* What the exercise asks *
Since the records include pictures, leave those out while you reproduce exactly and only the lines from the one containing "Description: .38 Colt" through the one containing "RDL+局所シリコンブリッジ(LSI) | RDL(有機再配線層)のみ |", inclusive.

* Data records *
━━━━━━
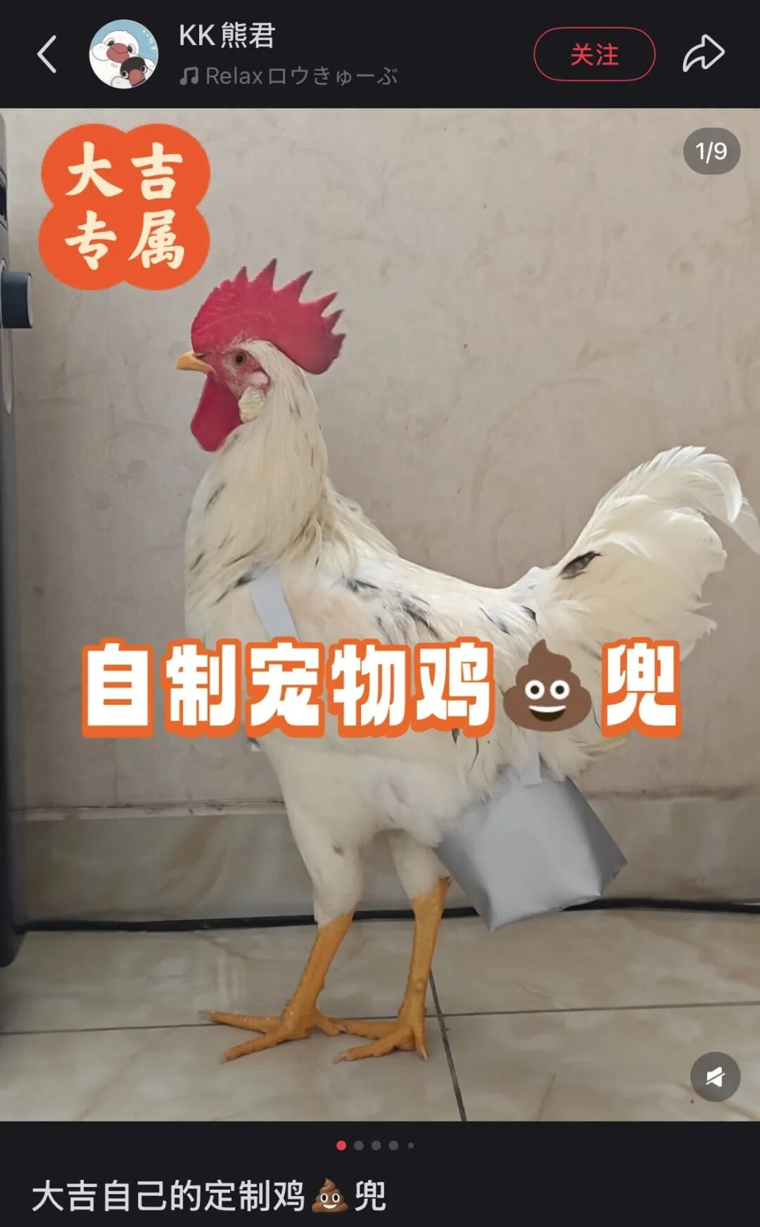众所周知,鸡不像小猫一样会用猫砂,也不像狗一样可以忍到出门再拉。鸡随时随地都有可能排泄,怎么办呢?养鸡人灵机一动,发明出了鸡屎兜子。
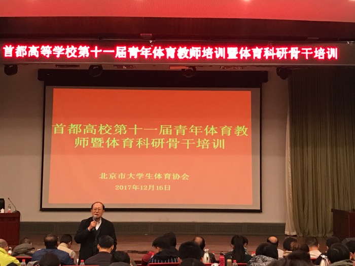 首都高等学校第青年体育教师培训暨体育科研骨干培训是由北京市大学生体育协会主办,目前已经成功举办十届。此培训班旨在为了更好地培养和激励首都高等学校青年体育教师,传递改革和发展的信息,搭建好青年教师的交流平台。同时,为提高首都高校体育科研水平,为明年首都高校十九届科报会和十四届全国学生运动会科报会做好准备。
━━━━━━
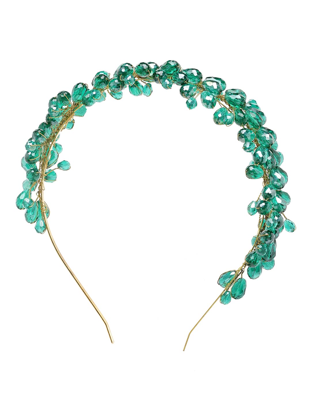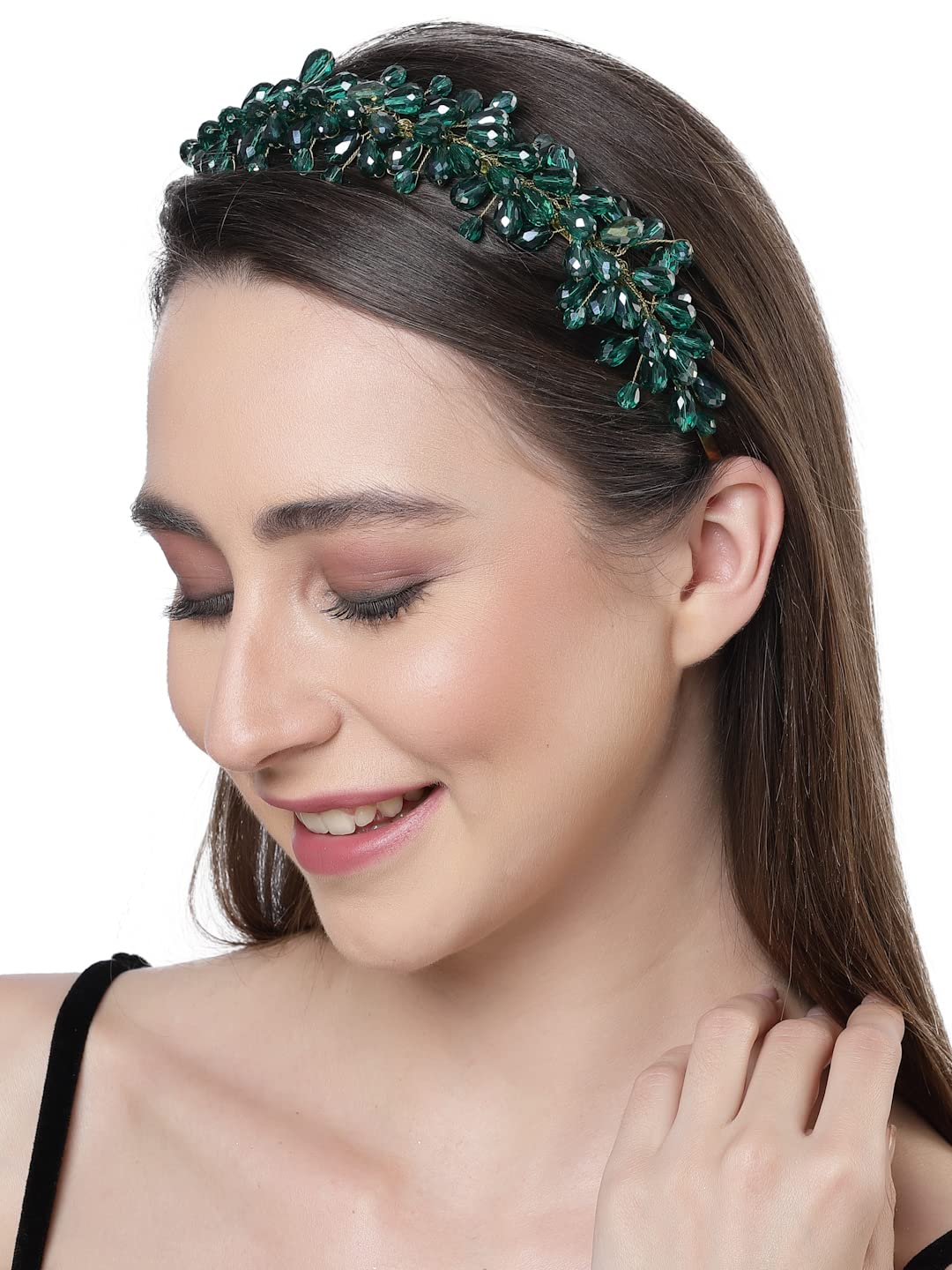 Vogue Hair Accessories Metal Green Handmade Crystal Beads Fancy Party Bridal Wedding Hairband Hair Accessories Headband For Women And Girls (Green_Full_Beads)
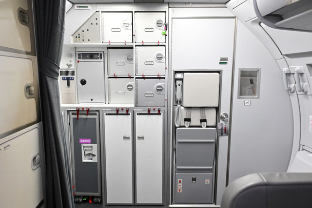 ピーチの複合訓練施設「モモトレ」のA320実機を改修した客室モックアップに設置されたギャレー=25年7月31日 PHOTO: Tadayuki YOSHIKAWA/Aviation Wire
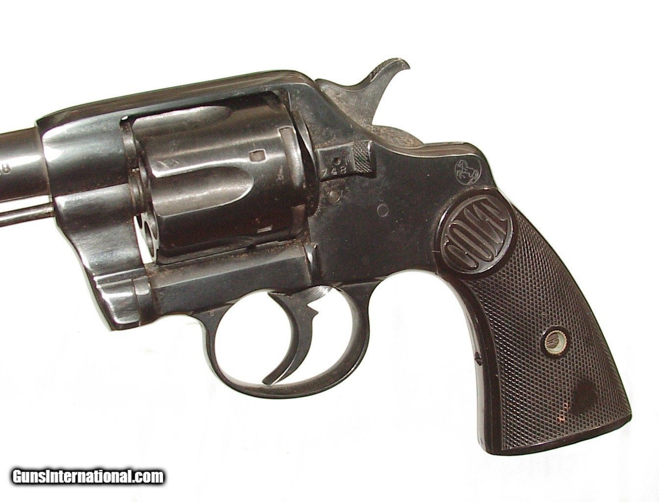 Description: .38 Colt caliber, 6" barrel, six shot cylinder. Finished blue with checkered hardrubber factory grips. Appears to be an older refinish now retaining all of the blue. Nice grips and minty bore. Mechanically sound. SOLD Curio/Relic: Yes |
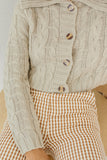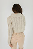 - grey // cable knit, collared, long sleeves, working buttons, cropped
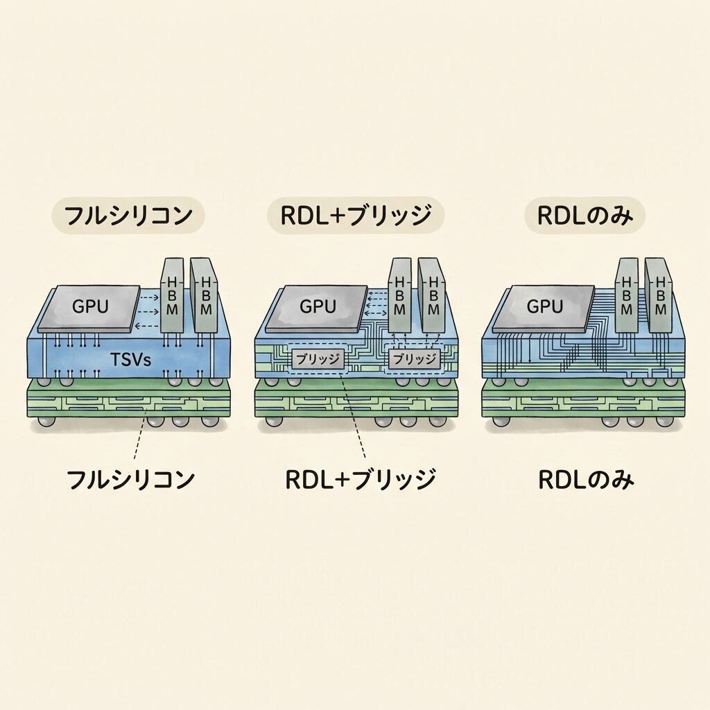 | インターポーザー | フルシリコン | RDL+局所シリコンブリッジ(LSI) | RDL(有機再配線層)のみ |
━━━━━━
* Reply to the task *
 Description: .38 Colt caliber, 6" barrel, six shot cylinder. Finished blue with checkered hardrubber factory grips. Appears to be an older refinish now retaining all of the blue. Nice grips and minty bore. Mechanically sound. SOLD Curio/Relic: Yes |
 - grey // cable knit, collared, long sleeves, working buttons, cropped
 | インターポーザー | フルシリコン | RDL+局所シリコンブリッジ(LSI) | RDL(有機再配線層)のみ |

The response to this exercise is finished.